Сказания о людях тайги: Хмель. Конь Рыжий. Черный тополь

Tekst
9
Arvustused
Loe katkendit
Märgi loetuks
Kuidas lugeda raamatut pärast ostmist
Šrift:Väiksem АаSuurem Aa
V

Ночью в окно глядела круглая луна, и Дарьюшка загадала: если завтра увидит луну в тучах, значит, вся ее жизнь будет темная, стылая; если луна проплывет по голубой скатерке, Дарьюшку ждет любовь, радость и перемена в жизни.

Когда на другой день она собралась к бабке Ефимии, Юсков предостерег:

– Ты бы не ходила. Ведьма давно выжила из ума. Несет всякую непотребность про дом наш, ждет какого-то Пугачева да говорит про всякую ересь.

– Зачем вы так, дедушка? Бабушка никому зла не делает. Все бы так жили, как она…

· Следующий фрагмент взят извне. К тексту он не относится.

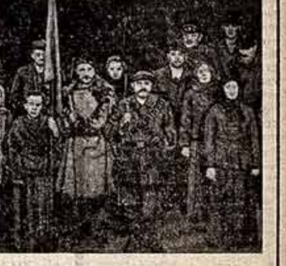
Финальная сцена спектакля.
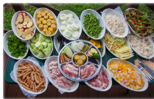
バーベキュー食べ放題 大人:2,500円 小人:2,200円

– Нельзя так жить, Дарьюшка. Ни середка, ни окраина, межеумок какой-то. Она вот по поселенцам ходит, лечит, якшается с ними, а того не ведает, что не лечить их надо, а с земли гнать. Потому: у голодранцев рот широкий, а глаза завидущие. Им дай волю – живьем слопают!

Дарьюшка не стала спорить, но к Ефимии пошла.

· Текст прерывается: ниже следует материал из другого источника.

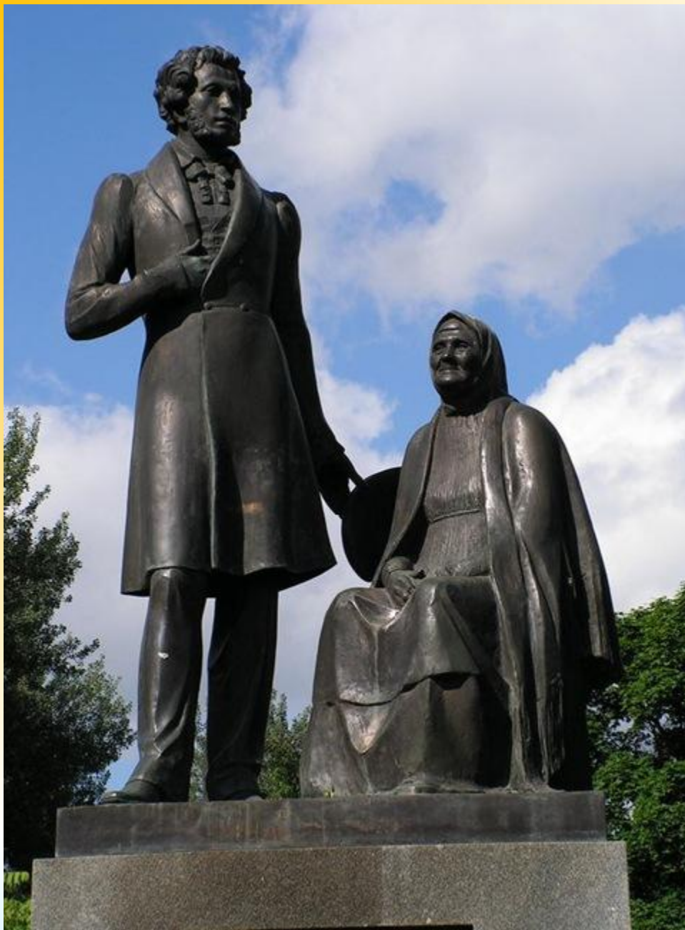
Памятник А.С. Пушкину и Арине Родионовне в городе Пскове

Бабушке нездоровилось, и она лежала в постели седенькая, похожая на мумию. Поверх одеяла желтела рука с набухшими венами.

Дарьюшка присела на кровать, и ей почему-то стало страшно. Неужели когда-нибудь и у нее будет такая же костлявая желтая рука, вот так же загнется нос, подтянутся губы и она станет дряхлой, беспомощной старушонкой?

Далеко еще Дарьюшке до годов бабки Ефимии! «Через сто девять гор перевалила, на сто десятую подымаюсь, – говорила бабка Ефимия. – Не все горы, какие видывала, остались в памяти. Куда все ушло? День живешь – сколько передумаешь! Минуют годы – и нету дня; в тартарары провалился. В одной любови пристанище, Дарьюшка. Без любови нету радости. Любовь как птица поднебесная. Над головой летает, а не всем в руки дается. Коль схватишь в руки, не отпускай – твоя будет».

Потом бабушка попросила подать ей Библию и, открыв Песню песней, читала о любви Суламифь…

«Да лобзает он меня лобзаньем уст своих! Ибо ласки твои лучше вина…»

И чудилось Дарьюшке, как она обнимает и целует Тимофея в березовой роще, а над ними в синеве кружатся, кружатся голуби…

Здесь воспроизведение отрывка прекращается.